Article image: Four short links

What are model governance and model operations?

What are model governance and model operations?


(source: Pixabay)

Our surveys over the past couple of years have shown growing interest in machine learning (ML) among organizations from diverse industries. A few factors are contributing to this strong interest in implementing ML in products and services. First, the machine learning community has conducted groundbreaking research in many areas of interest to companies, and much of this research has been conducted out in the open via preprints and conference presentations. We are also beginning to see researchers share sample code written in popular open source libraries, and some even share pre-trained models. Organizations now also have more use cases and case studies from which to draw inspiration—no matter what industry or domain you are interested in, chances are there are many interesting ML applications you can learn from. Finally, modeling tools are improving, and automation is beginning to allow new users to tackle problems that used to be the province of experts.

With the shift toward the implementation of machine learning, it’s natural to expect improvement in tools targeted at helping companies with ML. In previous posts, we’ve outlined the foundational technologies needed to sustain machine learning within an organization, and there are early signs that tools for model development and model governance are beginning to gain users.

Figure 1. A collection of tools that focus primarily on aspects of model development, governance, and operations. Source: Ben Lorica.

Model development

One sure sign that companies are getting serious about machine learning is the growing popularity of tools designed specifically for managing the ML model development lifecycle, such as MLflow and Why aren’t traditional software tools sufficient? In a previous post, we noted some key attributes that distinguish a machine learning project:

  • Unlike traditional software where the goal is to meet a functional specification, in ML the goal is to optimize a metric.
  • Quality depends not just on code, but also on data, tuning, regular updates, and retraining.
  • Those involved with ML usually want to experiment with new libraries, algorithms, and data sources—and thus, one must be able to put those new components into production.

The growth in adoption of tools like MLflow indicates that new tools are in fact very much needed. These ML development tools are designed specifically to help teams of developers, machine learning engineers, and data scientists collaborate, manage, and reproduce, ML experiments. Many tools in this category let users to systematically conduct modeling experiments (e.g., hyperparameter tuning, NAS) while emphasizing the ease with which one can manage, track, and reproduce such experiments.

Model governance

We are also beginning to come across companies that acknowledge the need for model governance tools and capabilities.
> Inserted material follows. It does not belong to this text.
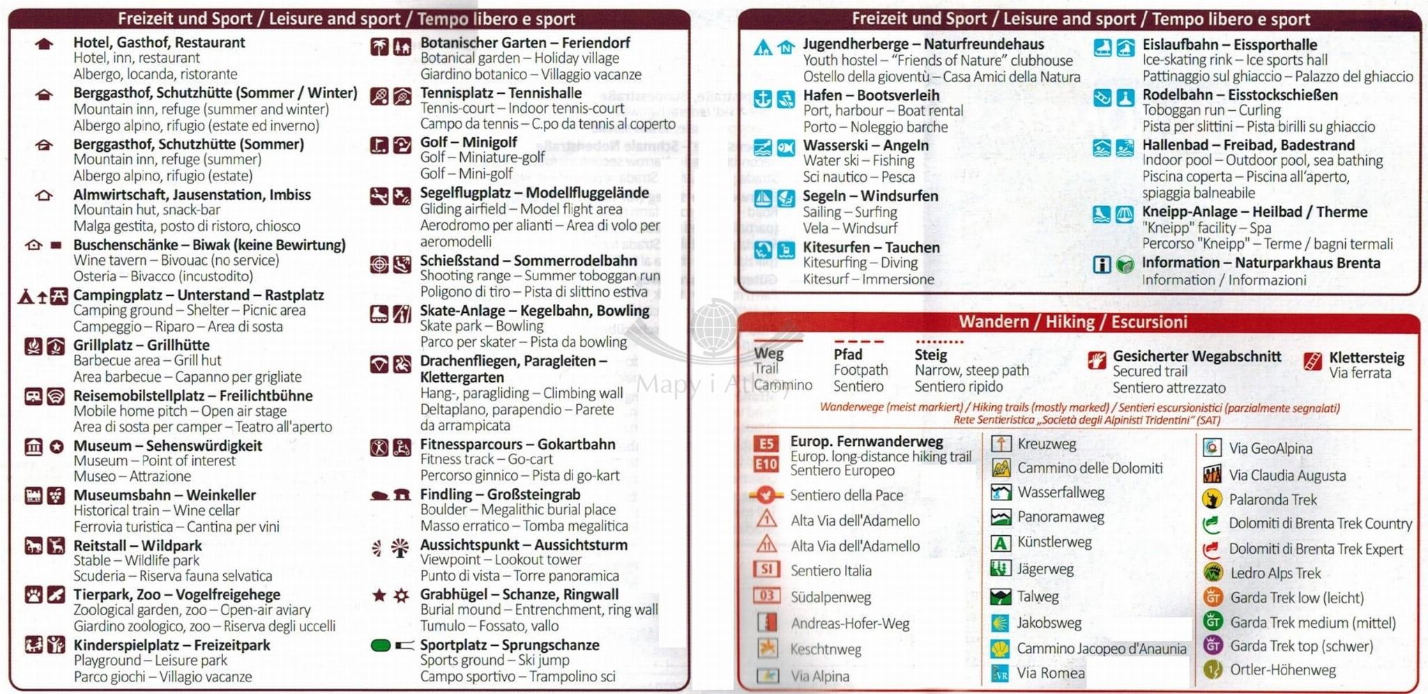 Legenda w języku angielskim, niemieckim oraz włoskim.

Just as companies have long treated data as assets, as ML becomes more central to an organization’s operations, models will be treated as important assets. More precisely, models built or tuned for specific applications (in reality, this means models + data) will need to be managed and protected:

  • A database for authorization and security: who has read/write access to certain models
  • A catalog or a database that lists models, including when they were tested, trained, and deployed
  • A catalog of validation data sets and the accuracy measurements of stored models
  • Versioning (of models, feature vectors, data) and the ability to roll out, roll back, or have multiple live versions
  • Metadata and artifacts needed for a full audit trail
  • Who approved and pushed the model out to production, who is able to monitor its performance and receive alerts, and who is responsible for it
  • A dashboard that provides custom views for all principals (operations, ML engineers, data scientists, business owners)
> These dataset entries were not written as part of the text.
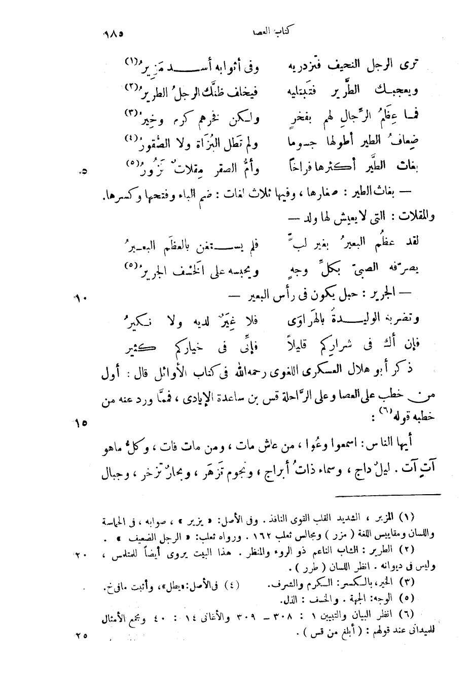 ذكر أبو هلال العسكري اللغوي رحمه الله في كتاب الأوائل قال: أول من خطب على العصا وعلى الراحلة قس بن ساعدة الإيادي، فمما ورد عنه من خطبه قوله: أيها الناس: اسمعوا وعوا، من عاش مات، ومن مات فات، وكل ما هو آت آت. ليل داج، وسماء ذات أبراج، ونجوم تزهر، وبحار تزخر، وجبال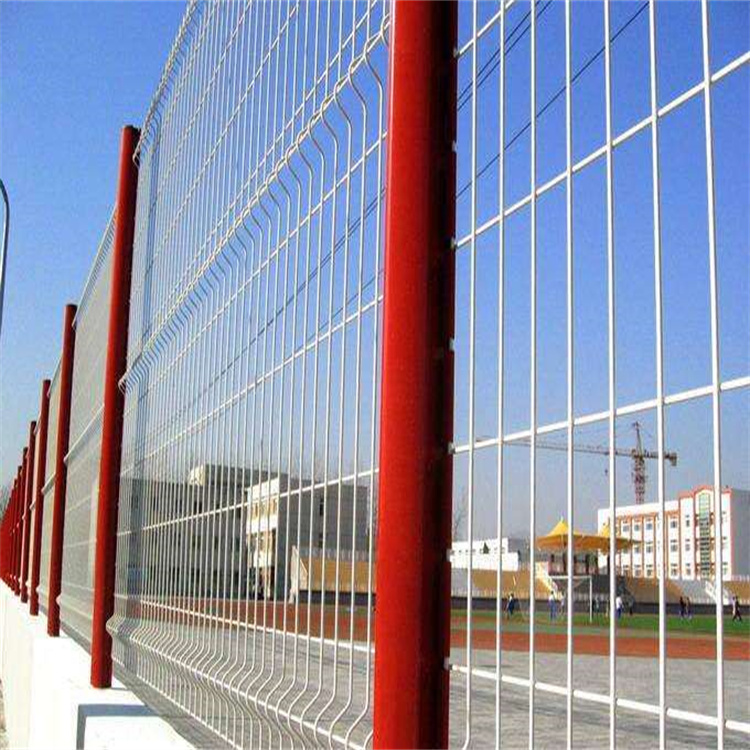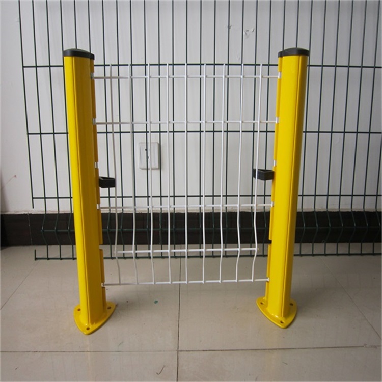 顏色分類桃形柱護欄網立柱和網片多用不同顏色如黃色,藍色,白色,紅色等兩兩組合,更顯美觀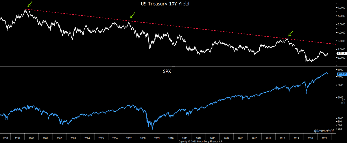 Who am I do comment but bursting of the dotcom bubble was preceded by 6.8% 10Y, GFC was ...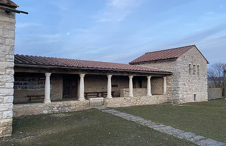 A hypocaust underfloor heating system, a massive smoothly plastered masonry, a beautifully shaped apse in the representative room of the villa and grilled windows with glasses are some of the elements that still testify to the civilization introduced by the Romans. Through a portico with columns in Tuscan style, you reach the eastern forepart of the main building; underneath it, there is a remarkably well preserved cellar. The existence both of the adjacent farm buildings and the bath is supported by documentary evidence, but their excavation has not yet been undertaken.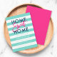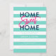 Chic Housewarming Party invitation featuring the words "Home Sweet Home" in blue sans serif and pink trendy script all against a turquoise and white stripes background. Card has a matching pink back side. Check out other new home items here https://www.zazzle.com/rosewoodandcitrus/new%20home?rf=238364477188679314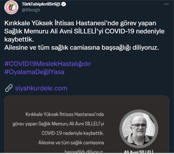 Ali Avni Silleli, yapılan tüm müdahalelere rağmen kurtarılamadı. Silleli’nin vefat haberi, başta ailesi ve yakınları olmak üzere sağlık camiasında büyük üzüntüye sebep oldu.TTB'nin yaptığı paylaşımda şöyle denildi:Kırıkkale Yüksek İhtisas Hastanesi'nde görev yapan Sağlık Memuru Ali Avni SİLLELİ'yi COVID-19 nedeniyle kaybettik. Ailesine ve tüm sağlık camiasına başsağlığı diliyoruz.
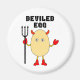 O texto 'Ovo Recheado' com uma cabeça de ovo com chifres segurando um forcado é uma brincadeira divertida com o nome de um prato de ovo favorito.
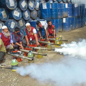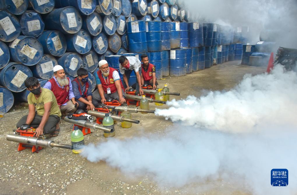 7月16日,工作人员在孟加拉国达卡进行灭蚊工作,以预防登革热。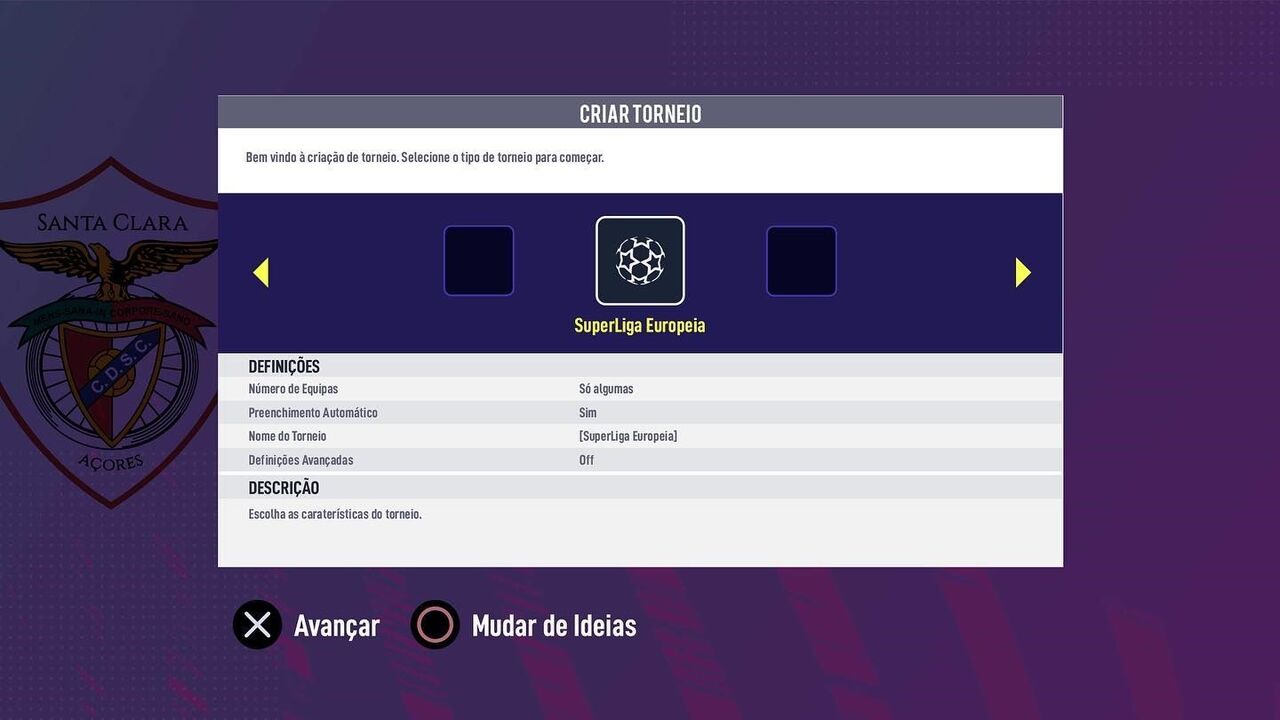 "Quando estás a jogar FIFA e lembras-te de criar um torneio só com alguns dos teus amigos", pode ler-se na publicação do Santa Clara, que apresenta uma imagem detalhada do processo de criação da prova , saltando à vista as possibilidades de 'Avançar' ou 'Mudar de Ideias'.

Model operations, testing, and monitoring

As machine learning proliferates in products and services, we need a set of roles, best practices, and tools to deploy, manage, test, and monitor ML in real-world production settings. There are some initial tools aimed at model operations and testing—mainly for deploying and monitoring ML models—but it’s clear we are still in the early stages for solutions in these areas.
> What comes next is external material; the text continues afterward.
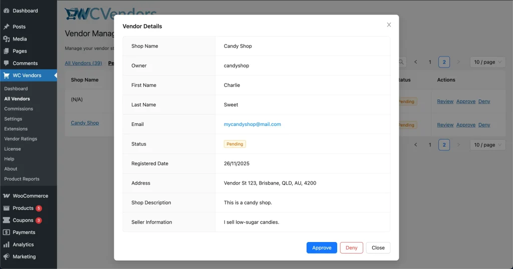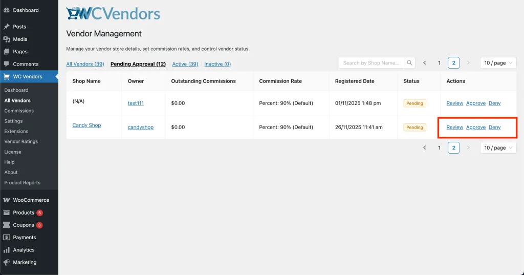 1. Go to WP Dashboard → WC Vendors → All Vendors → Pending Approval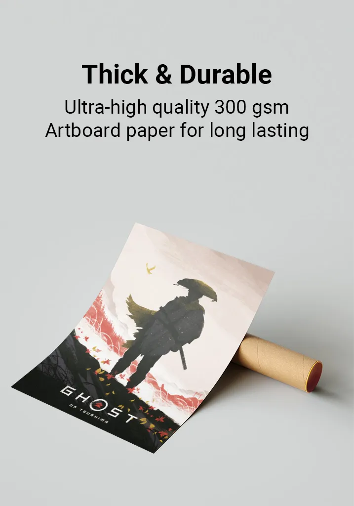 This Ghost of Tsushima poster features high-resolution artwork printed on 300gsm thick, glossy paper to ensure vibrant colors & long-lasting durability.

There are three common issues that diminish the value of ML models once they’re in production. The first is concept drift: the accuracy of models in production degrades over time, because of changes in the real world, stemming from a growing disparity between the data they were trained on and the data they are used on. The second is locality: when deploying models to new geographic locations, user demographics, or business customers, it’s often not the case that pre-trained models work at the expected level of accuracy. Measuring online accuracy per customer / geography / demographic group is important both to monitor bias and to ensure accuracy for a growing customer base. The third is data quality: since ML models are more sensitive to the semantics of incoming data, changes in data distribution that are often missed by traditional data quality tools wreak havoc on models’ accuracy.

Beyond the need to monitor that your current deployed models operate as intended, another challenge is knowing that a newly proposed model actually delivers better performance in production. Some early systems allow for the comparison of an “incumbent model” against “challenger models,” including having challengers in “dark launch” or “offline” mode (this means challenger models are evaluated on production traffic but haven’t been deployed to production). Other noteworthy items include:

  • Tools for continuous integration and continuous testing of models. A model is not “correct” if it returns a valid value—it has to meet an accuracy bar. There needs to be a way to validate this against a given metric and validation set before deploying a model.
  • Online measurement of the accuracy of each model (what’s the accuracy that users are experiencing “in the field”?). Related to this is the need to monitor bias, locality effects, and related risks. For example, scores often need to be broken down by demographics (are men and women getting similar accuracy?) or locales (are German and Spanish users getting similar accuracy?).
  • The ability to manage the quality of service for model inference to different customers, including rate limiting, request size limiting, metering, bot detection, and IP geo-fencing.
  • Ability to scale (and auto-scale), secure, monitor, and troubleshoot live models. Scaling has two dimensions—the size of the traffic hitting the models and the number of models that need to be evaluated.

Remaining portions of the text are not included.